Variables collected included the patient’s age at time of diagnosis, sex, primary presenting complaint (stridor, S-SDB, SwD), presence or absence of symptoms, endoscopically evaluated type of LM (1-3), comorbidities, surgical procedures performed, and investigations related to the presenting features. Data was collected from both hospital and clinic charts.

Definitions of Study Terms

Primary presentation was defined as the most concerning symptom for the parent and the referring physician per the letter of referral. Stridor was defined as noisy breathing while awake with all of the following characteristics: (1) not primarily related to feeding; (2) possibly but not necessarily associated with varying degrees of increased work of breathing manifested by suprasternal and subcostal retractions; (3) tachypnea; and (4) absence or presence of cyanotic spells and/or apparent life-threatening episodes. Swallowing dysfunction included choking, congestion or coughing, difficulty feeding, or recurrent lower respiratory tract infections and was evaluated with either a clinical swallowing assessment or a videofluoroscopic swallowing study (VFSS). Swallowing studies were rated to show normal swallow, penetration, or aspiration.

Snoring and/or sleep-disordered breathing was defined as snoring, disrupted sleep related to breathing difficulty, and other nocturnal or diurnal symptoms. Children with S-SDB were further assessed with either polysomnography (PSG) (abbreviated or full) or an overnight pulse oximetry (PO) study. The McGill oximetry score is a validated 4-level severity score of desaturation events from overnight pulse oximetry testing. A score of 2 is consistent with mild obstructive sleep apnea (OSA) and requires 3 or more oxygen desaturations under 90% but greater than 85%. A score of 3 requires 3 or more desaturations under 85% but greater than 80%. A score of 4 requires more than 3 desaturations under 80% and is consistent with severe OSA. The presence or absence of any of these presentations was rated as (1) or (0) respectively. Sleep study results were considered abnormal if the PO result was 2 or higher, with scoring as described by Nixon et al,17 or the apnea-hypopnea index was greater than 1 per hour.18

Associated comorbidities were defined and documented as follows: gastroesophageal reflux disease (GERD) was diagnosed based on a combination of history of classic symptoms, history of or response to treatment with proton pump inhibitors, esophagoscopy/gastroscopy with biopsy, or pH probe study results. Prematurity at birth was defined as gestational age of 36 weeks or less. Obese children were those with a documented BMI in the 97th percentile or higher. Presence of neurologic conditions and metabolic and congenital cardiac defects were all determined by the diagnoses of the respective specialist.

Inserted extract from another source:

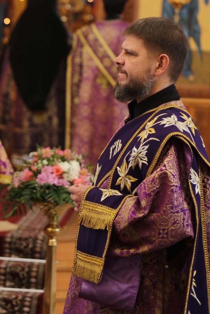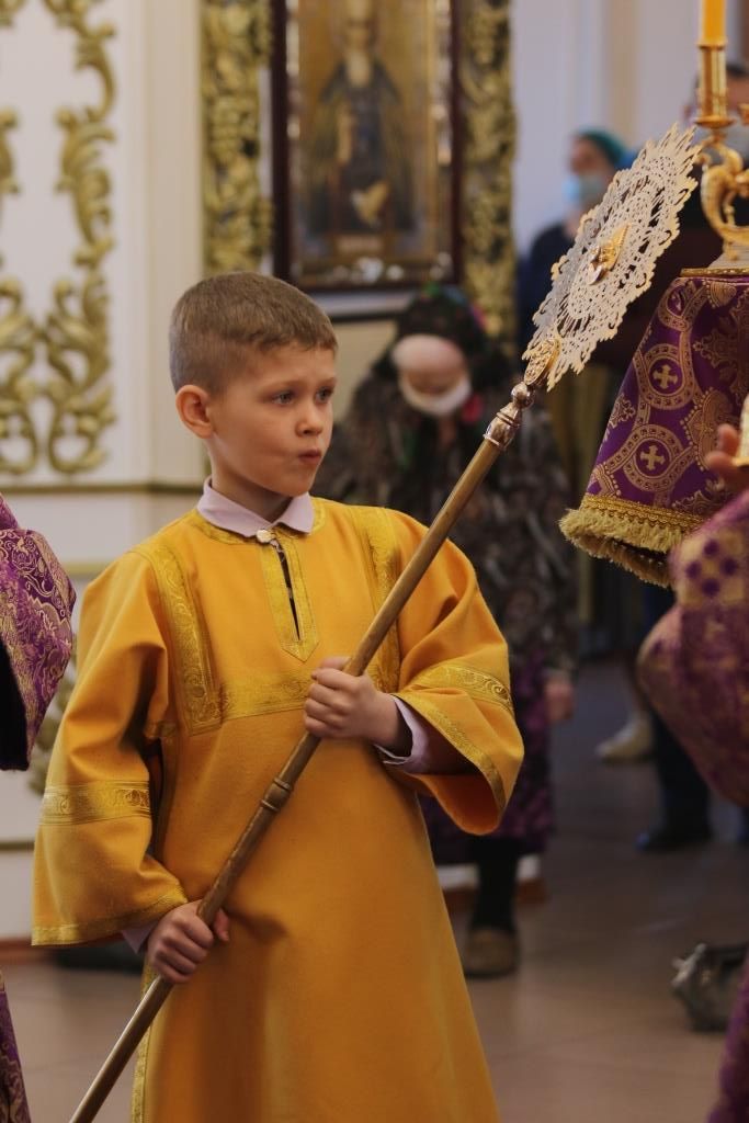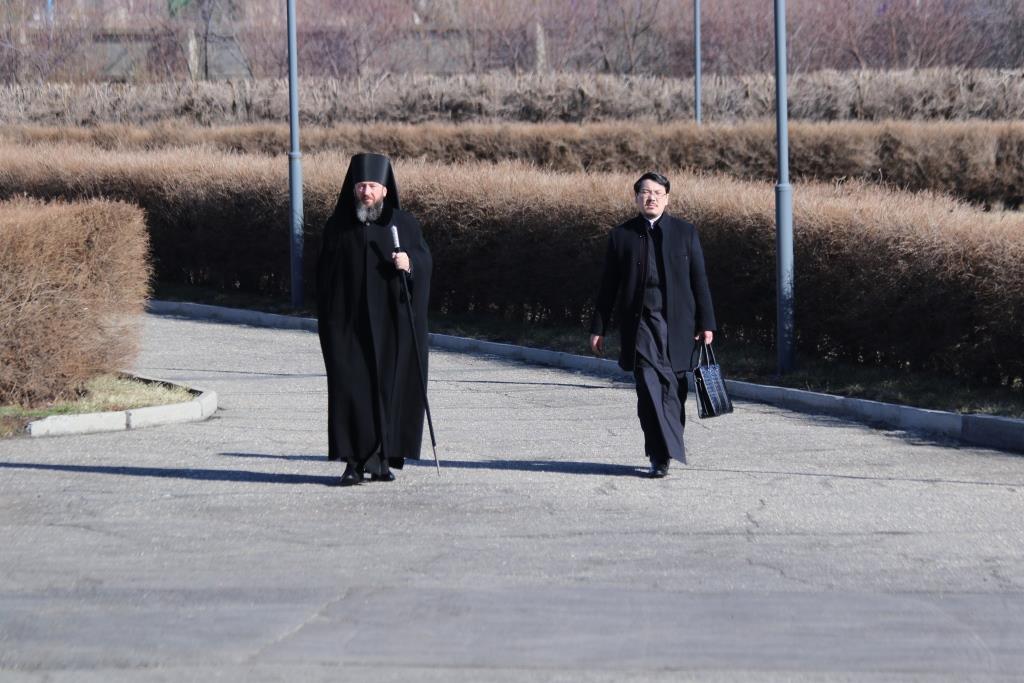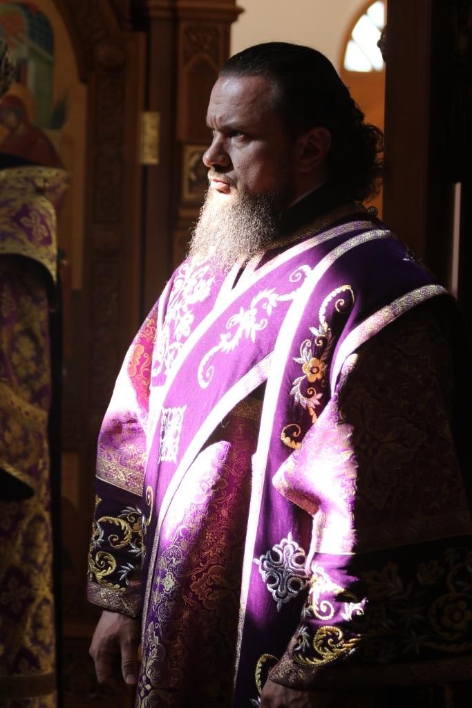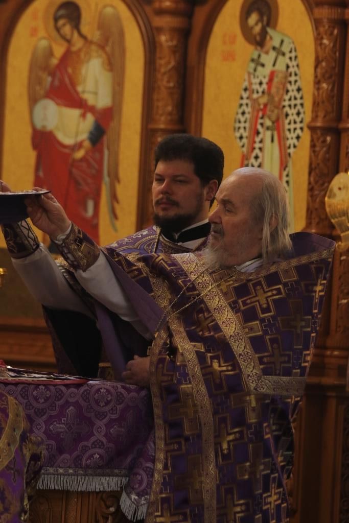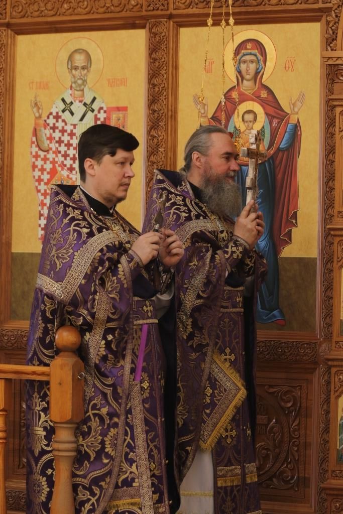 Его Преосвященству сослужили: духовник епархии архимандрит Спиридон (Теплухин), ключарь Андреевского собора иеромонах Никодим (Авдеев), клирики собора иеромонах Силуан (Магилёв) иерей Роман Подрезов, секретарь епархии диакон Илия Кван, протодиакон Георгий Засыпкин, протодиакон Андрей Дудник.

Airway endoscopy was performed with a 2.2-mm flexible endoscope, while the patient was either awake or sedated with intravenous propofol and remifentanil, allowing for spontaneous ventilation. Some of the patients additionally had laryngoscopy and bronchoscopy performed with rigid instrumentation and thus had their airway inspected from the supraglottis to the divisions of the primary bronchi.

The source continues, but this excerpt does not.